◆ **To do**
Bring back every record exactly, except for the pictures, which stay out.

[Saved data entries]
━━━━━━━━━━━━━━━━━━━━

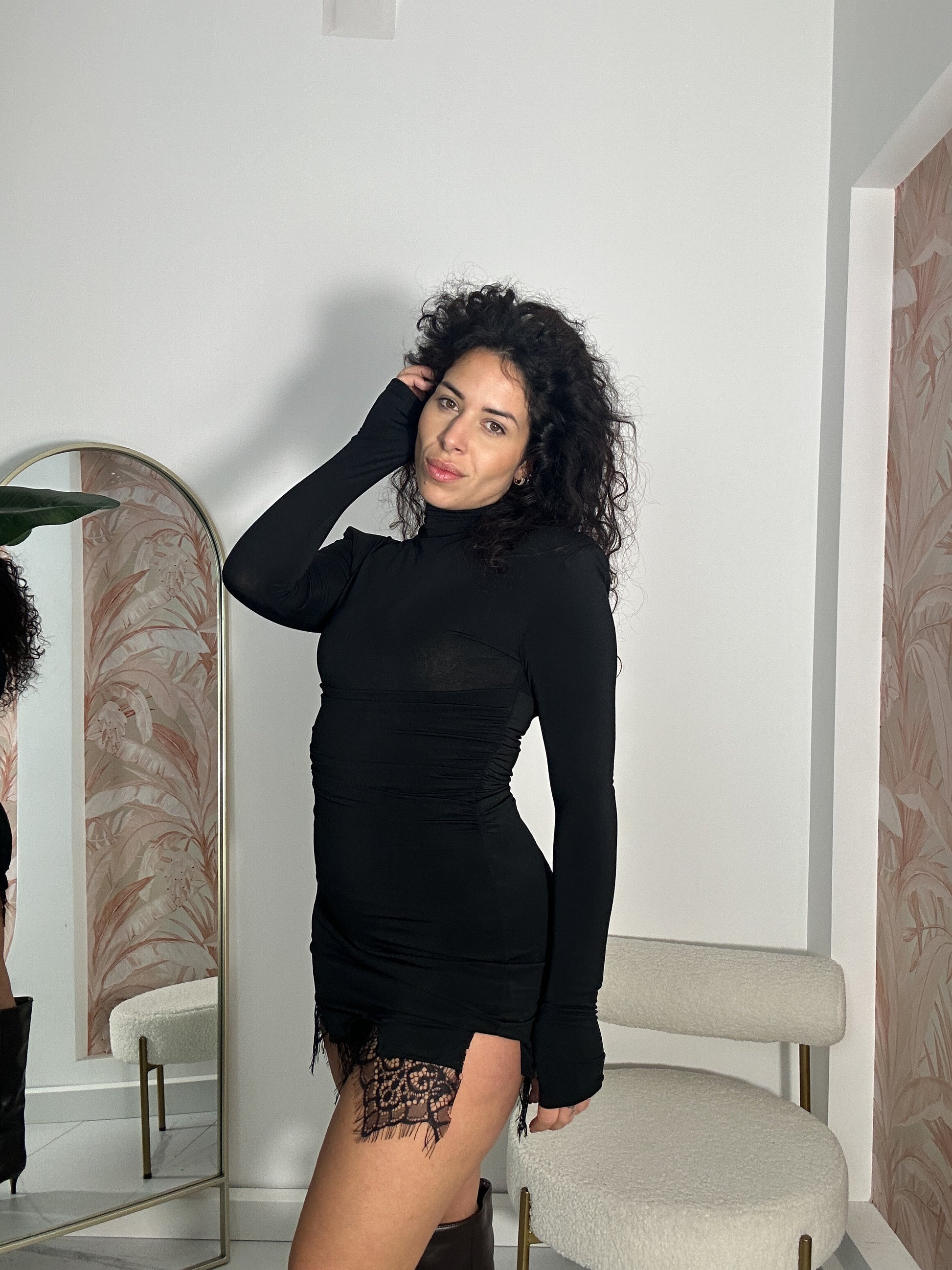 Abito accollato corto elasticizzato con inserti in pizzo. La manica è lunga modello a guanto .
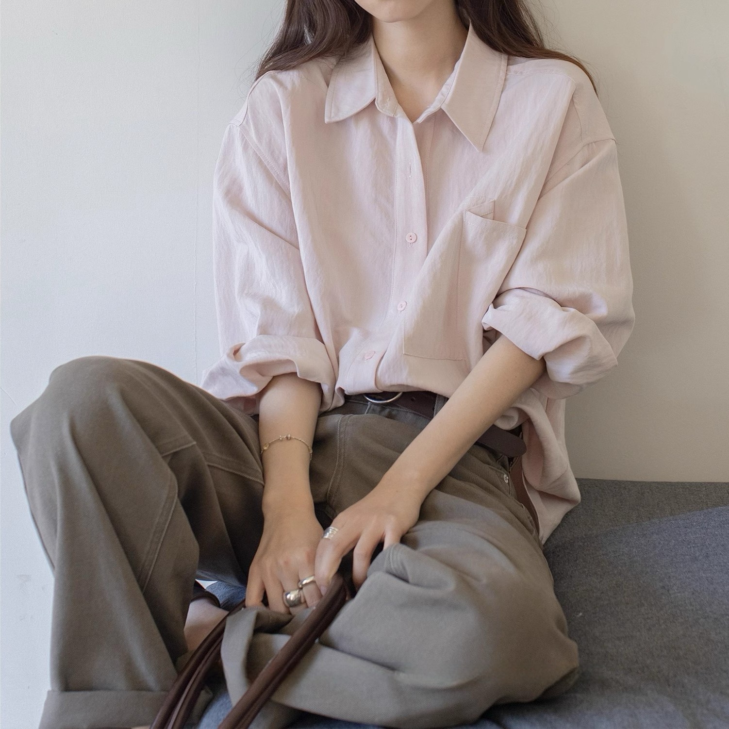 단색 간단한 옷깃 셔츠 여성의 봄과 여름 2025 새로운 캐주얼 대형 포켓 포장 긴 소매 탑
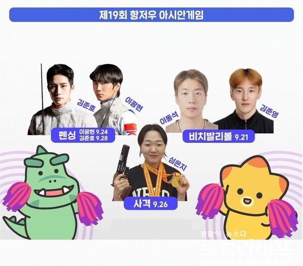 그러면서 항저우 아시안게임 화성시 선수 출전 일정을 사격 심은지 : 9. 26.(화), 펜싱 이광현(단체) : 9. 27.(수), 김준호(단체) : 9. 28.(목)로 전했다.
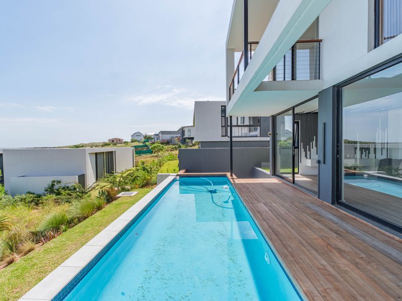 Relaxed coastal estate living in Seaton Estate on the North Coast, with a modern Smeg kitchen, covered patio and built-in braai overlooking pool and fire pit; four en-suite bedrooms.
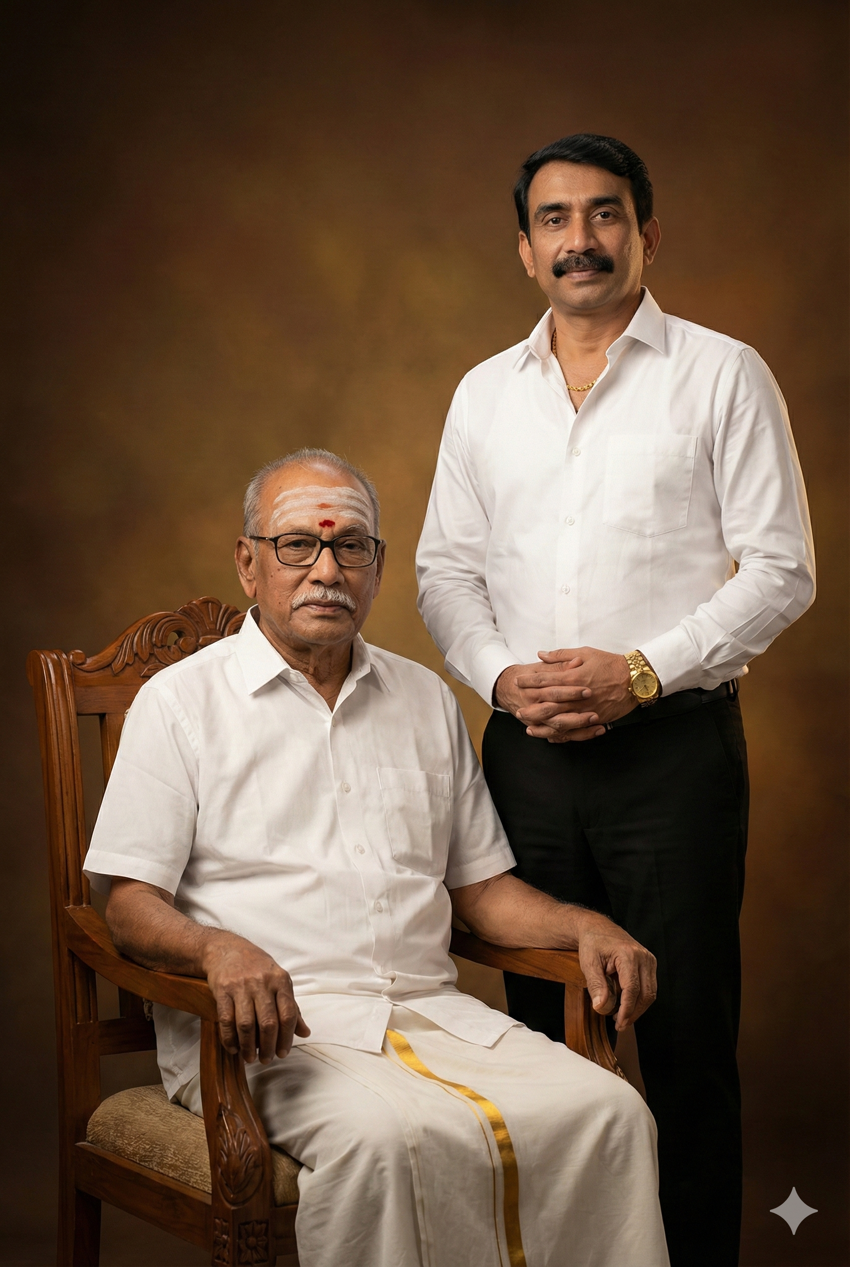 A realistic cinematic portrait of an Indian father and son. The elderly father is seated on a classic wooden chair, wearing a traditional white dhoti with a golden border and a white short-sleeve shirt, sacred ash (vibhuti) on his forehead, calm and dignified expression. The son stands beside him confidently, wearing a white formal shirt, black trousers, gold chain and wristwatch, hands gently clasped. Warm studio lighting, soft cinematic shadows, brown–gold gradient background, emotional family bond, cultural elegance, ultra-realistic skin texture, sharp focus, DSLR quality, 85mm lens look, shallow depth of field, high detail, professional studio photography, cinematic color grading.
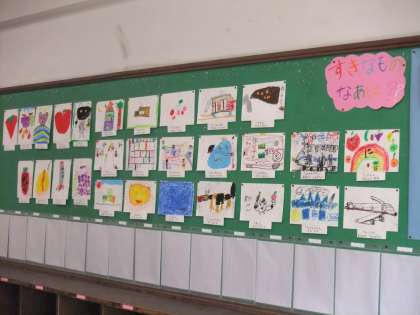 また,教室の掲示板には入学してからこれまでの子どもたちの作品を展示しようと思っています。ぜひご覧ください。
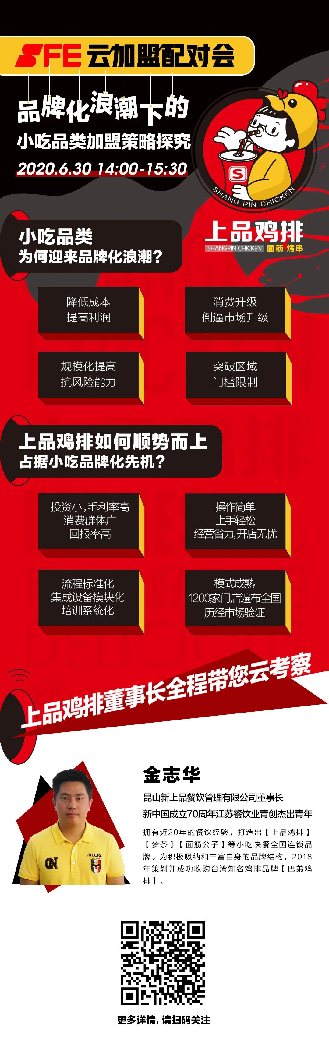 昆山新上品餐饮管理有限公司董事长金志华先生将亲临SFE云加盟配对会直播间,深度解读鸡排品类市场现状与趋势,提供加盟投资专业意见。同时还将带领大家,专业全面云考察上品鸡排的公司、供应链后端及产品门店等。并针对SFE直播间观众提供最具性价比商务加盟政策。

━━━━━━━━━━━━━━━━━━━━

◆ **Solution below**
 Abito accollato corto elasticizzato con inserti in pizzo. La manica è lunga modello a guanto .
 단색 간단한 옷깃 셔츠 여성의 봄과 여름 2025 새로운 캐주얼 대형 포켓 포장 긴 소매 탑
 그러면서 항저우 아시안게임 화성시 선수 출전 일정을 사격 심은지 : 9. 26.(화), 펜싱 이광현(단체) : 9. 27.(수), 김준호(단체) : 9. 28.(목)로 전했다.
 Relaxed coastal estate living in Seaton Estate on the North Coast, with a modern Smeg kitchen, covered patio and built-in braai overlooking pool and fire pit; four en-suite bedrooms.
 A realistic cinematic portrait of an Indian father and son. The elderly father is seated on a classic wooden chair, wearing a traditional white dhoti with a golden border and a white short-sleeve shirt, sacred ash (vibhuti) on his forehead, calm and dignified expression. The son stands beside him confidently, wearing a white formal shirt, black trousers, gold chain and wristwatch, hands gently clasped. Warm studio lighting, soft cinematic shadows, brown–gold gradient background, emotional family bond, cultural elegance, ultra-realistic skin texture, sharp focus, DSLR quality, 85mm lens look, shallow depth of field, high detail, professional studio photography, cinematic color grading.
 また,教室の掲示板には入学してからこれまでの子どもたちの作品を展示しようと思っています。ぜひご覧ください。
 昆山新上品餐饮管理有限公司董事长金志华先生将亲临SFE云加盟配对会直播间,深度解读鸡排品类市场现状与趋势,提供加盟投资专业意见。同时还将带领大家,专业全面云考察上品鸡排的公司、供应链后端及产品门店等。并针对SFE直播间观众提供最具性价比商务加盟政策。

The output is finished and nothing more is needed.